Capo Vaticano

Nos sentamos en la terraza, que termina justo donde cae el acantilado. Ha sido un día largo y amenaza tormenta, pero el mar nos atrae tanto -a unas porque nunca lo vemos, a la otra porque nació en él- que decidimos apurar un poco más la tarde a riesgo de perder el tren.

Y es que el Mediterráneo está hoy precioso. Se lo digo al camarero que se acerca a la mesa y él asiente. O es lo que yo interpreto cuando lo miro a los ojos. Son unos ojos pequeñitos pero muy azules, tan azules que pueden mirar más allá que los nuestros. Parecen confundirse con el mar.

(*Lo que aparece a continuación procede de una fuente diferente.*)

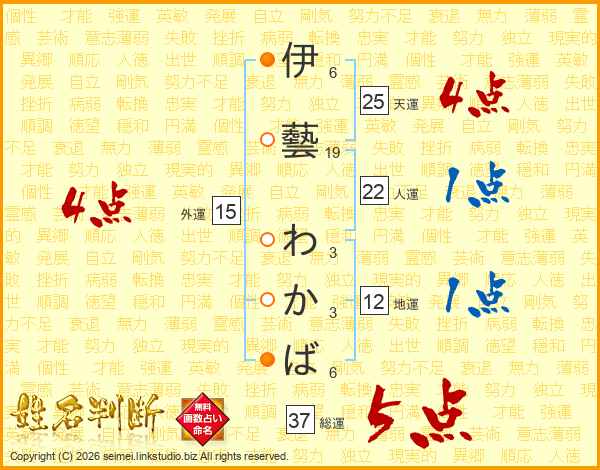 伊(6画)藝(19画) わ(3画)か(3画)ば(6画)
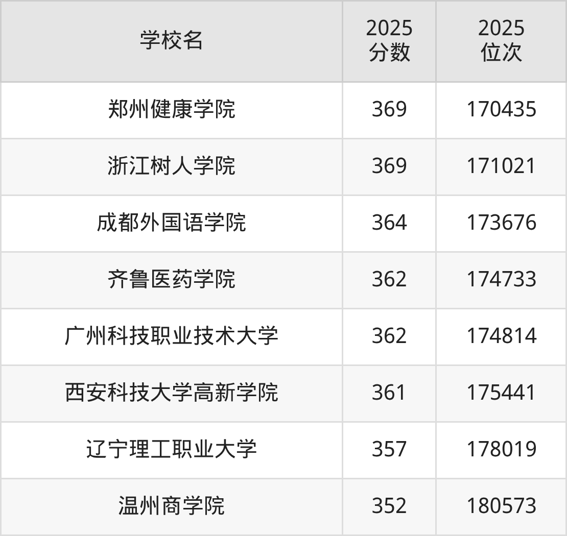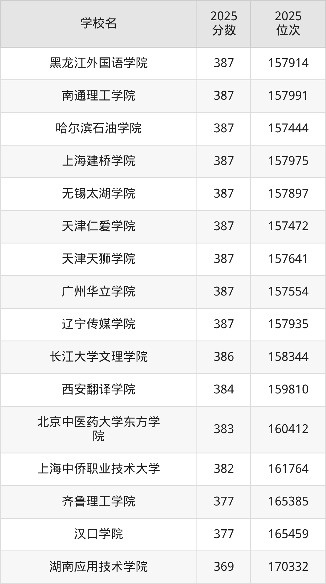 温馨提示:全国各省录取分数线不相同,本文以贵州省为例,为大家带来2025年录取分数线位于350到400分的二本民办大学名单汇总,并附上该分数段对应的位次排名区间,供查阅。
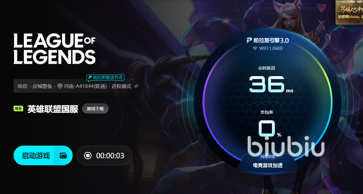 biubiu還包括智能優(yōu)化和實(shí)時(shí)監(jiān)測功能。其引入的帕拉斯引擎3.0可以動態(tài)分析玩家網(wǎng)絡(luò)狀況,預(yù)測潛在異常,并提前啟動數(shù)據(jù)補(bǔ)發(fā)機(jī)制,減少延遲和卡頓。同時(shí),與冠軍選手左梓軒合作,在高并發(fā)戰(zhàn)斗中仍能保證技能釋放和移動指令的即時(shí)響應(yīng)。新用戶獲得24小時(shí)免費(fèi)加速,兌換碼【biubiu不卡頓】兌換72小時(shí),玩國服游戲的話目前可以免費(fèi)使用進(jìn)行加速。
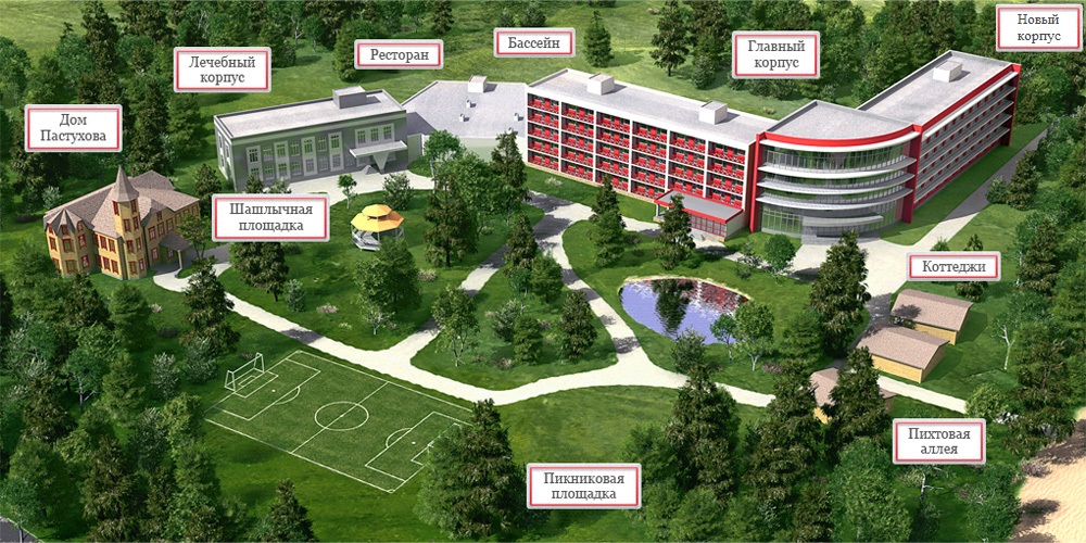 Размещение: два спальных корпуса с лифтом, соединены теплыми переходами между собой, а так же с бассейном, рестораном и лечебным корпусом. Отдельно стоящие здания Дом Пастухова, Финские коттеджи и коттедж "Семейный".
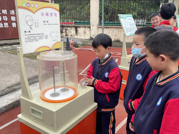 在“尖端放電”展品前,孩子們轉動旋鈕,當金屬尖端靠近時,發生了放電現象?!盀槭裁捶烹姮F象發生在金屬的尖端呢?”“是不是哪里通電了?”“為什么有的地方沒有放電?”……親身體驗的過程中,孩子們興奮地討論了起來。為幫助學生們更好地理解這個知識點,老師們用通俗易懂的語言,剖析現象的原理:“導體表面的電荷密度與形狀有關,凹的部分電荷密度接近零,尖銳處電荷密度最大,電場特別強……”在輕松、歡樂的互動體驗中,這場科普活動幫助孩子們揭開科學的神秘面紗,讓課本里的知識“活”起來。
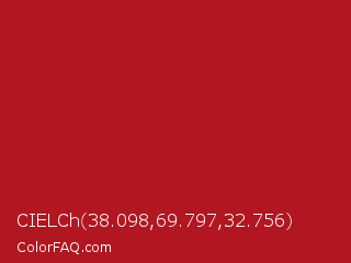 CIELCh 38.098,69.797,32.756 Color is a normal red color and the nearest color is Carnelian #b31b1b. Hex code #b21620 and RGB value is rgb(178,22,32). In RGB color space, this color is composed of 70% red, 9% green, 13% blue, In CMYK color space, this color is composed of 0% cyan, 88% magenta, 82% yellow , 30% black , In HSL color space, this color has a hue angle of 356° , 78% saturation and 39% lightness.
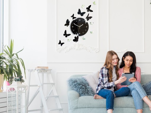 Montaż zegara jest szybki i wygodny. Tarcza ze wskazówkami jest do zawieszenia na haczyk. Motylki są samoprzylepne i montuje się do ściany za pomocą taśmy montażowej. Każdy element jest gotowy do montażu.
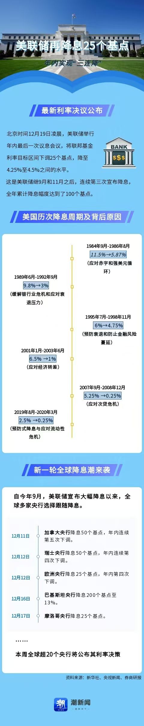 据央视新闻消息,美国联邦储备委员会当地时间12月18日宣布,将联邦基金利率目标区间下调25个基点到4.25%至4.50%之间,符合市场普遍预期。

Quiero volver, me dicen ellos. Y luego lo repite él. Se ven distintas las cosas desde allí, cuenta, sin nada que rompa la visión, sin nada más que agua. Desde pequeño he estado en el mar: he pescado y he trabajado mucho. Me he ganado la vida con él, he conocido el mundo a través de él.

La tormenta ha estallado cerca de las islas y desde tierra se escucha el repiqueteo de la lluvia.

-E adesso...? -pregunto.

Todo ese mar se encierra de nuevo en dos puntos, en sus dos ojos azules que se vuelven agua. Mientras atiende la mesa, me parece que saltan del acantilado. Nos ha contado su historia entre idas y venidas, con gesto de resignación, mientras ayuda a sus padres en el restaurante. A través de la comida, nos cuenta mil cosas de su tierra, que le ata. La tierra que quiere dejar por el mar.

-Aspettate, ragazze, che vi porto il pane. Il formagio è buonissimo con il pane e la marmelata...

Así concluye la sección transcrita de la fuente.